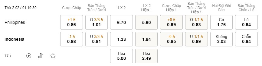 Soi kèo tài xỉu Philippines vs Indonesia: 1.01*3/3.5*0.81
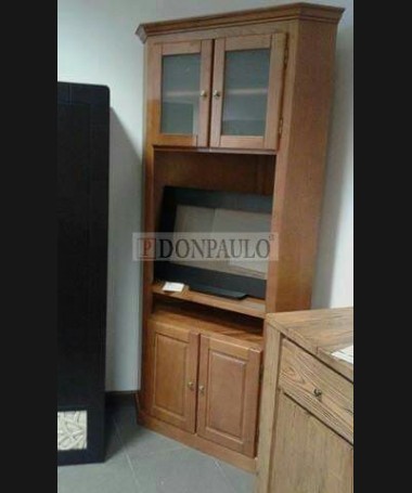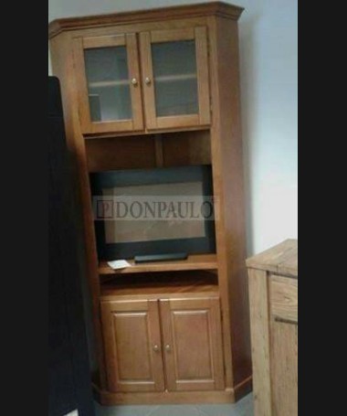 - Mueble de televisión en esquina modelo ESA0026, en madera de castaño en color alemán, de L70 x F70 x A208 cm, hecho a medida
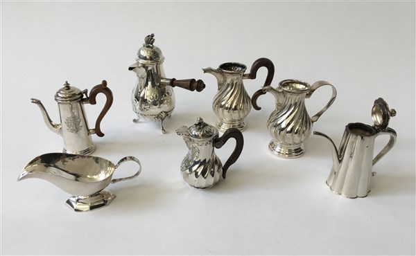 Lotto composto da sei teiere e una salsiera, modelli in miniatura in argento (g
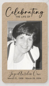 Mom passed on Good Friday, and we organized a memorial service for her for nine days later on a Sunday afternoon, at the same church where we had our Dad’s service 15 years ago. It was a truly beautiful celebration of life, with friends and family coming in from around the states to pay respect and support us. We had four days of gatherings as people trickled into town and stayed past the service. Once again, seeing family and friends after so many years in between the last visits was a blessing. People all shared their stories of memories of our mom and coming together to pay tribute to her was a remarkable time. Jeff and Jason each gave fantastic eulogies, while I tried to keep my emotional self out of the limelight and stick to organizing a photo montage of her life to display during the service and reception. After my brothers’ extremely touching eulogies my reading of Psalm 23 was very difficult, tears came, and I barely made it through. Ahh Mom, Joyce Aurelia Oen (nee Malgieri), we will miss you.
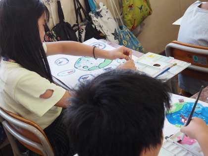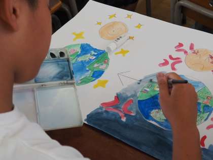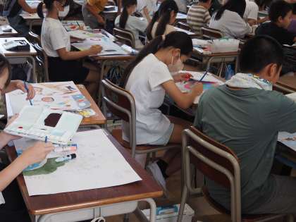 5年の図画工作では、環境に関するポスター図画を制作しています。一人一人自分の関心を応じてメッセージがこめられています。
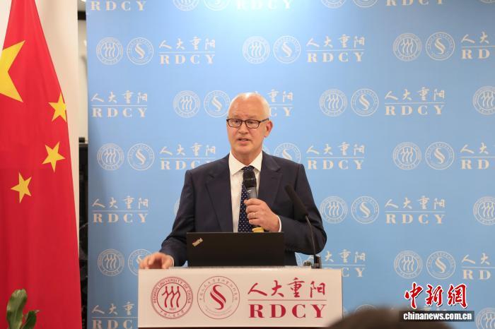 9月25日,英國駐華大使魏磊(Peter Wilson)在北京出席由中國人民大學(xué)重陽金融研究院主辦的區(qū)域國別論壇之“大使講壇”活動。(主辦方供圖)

◆ INSTRUCTIONS TO FOLLOW: Although the records contain pictures, the copy should hold only their text, reproduced exactly.

◆ RESPONSE TO THE TASK:
 Soi kèo tài xỉu Philippines vs Indonesia: 1.01*3/3.5*0.81
 - Mueble de televisión en esquina modelo ESA0026, en madera de castaño en color alemán, de L70 x F70 x A208 cm, hecho a medida
 Lotto composto da sei teiere e una salsiera, modelli in miniatura in argento (g
 Mom passed on Good Friday, and we organized a memorial service for her for nine days later on a Sunday afternoon, at the same church where we had our Dad’s service 15 years ago. It was a truly beautiful celebration of life, with friends and family coming in from around the states to pay respect and support us. We had four days of gatherings as people trickled into town and stayed past the service. Once again, seeing family and friends after so many years in between the last visits was a blessing. People all shared their stories of memories of our mom and coming together to pay tribute to her was a remarkable time. Jeff and Jason each gave fantastic eulogies, while I tried to keep my emotional self out of the limelight and stick to organizing a photo montage of her life to display during the service and reception. After my brothers’ extremely touching eulogies my reading of Psalm 23 was very difficult, tears came, and I barely made it through. Ahh Mom, Joyce Aurelia Oen (nee Malgieri), we will miss you.
 5年の図画工作では、環境に関するポスター図画を制作しています。一人一人自分の関心を応じてメッセージがこめられています。
 9月25日,英國駐華大使魏磊(Peter Wilson)在北京出席由中國人民大學(xué)重陽金融研究院主辦的區(qū)域國別論壇之“大使講壇”活動。(主辦方供圖)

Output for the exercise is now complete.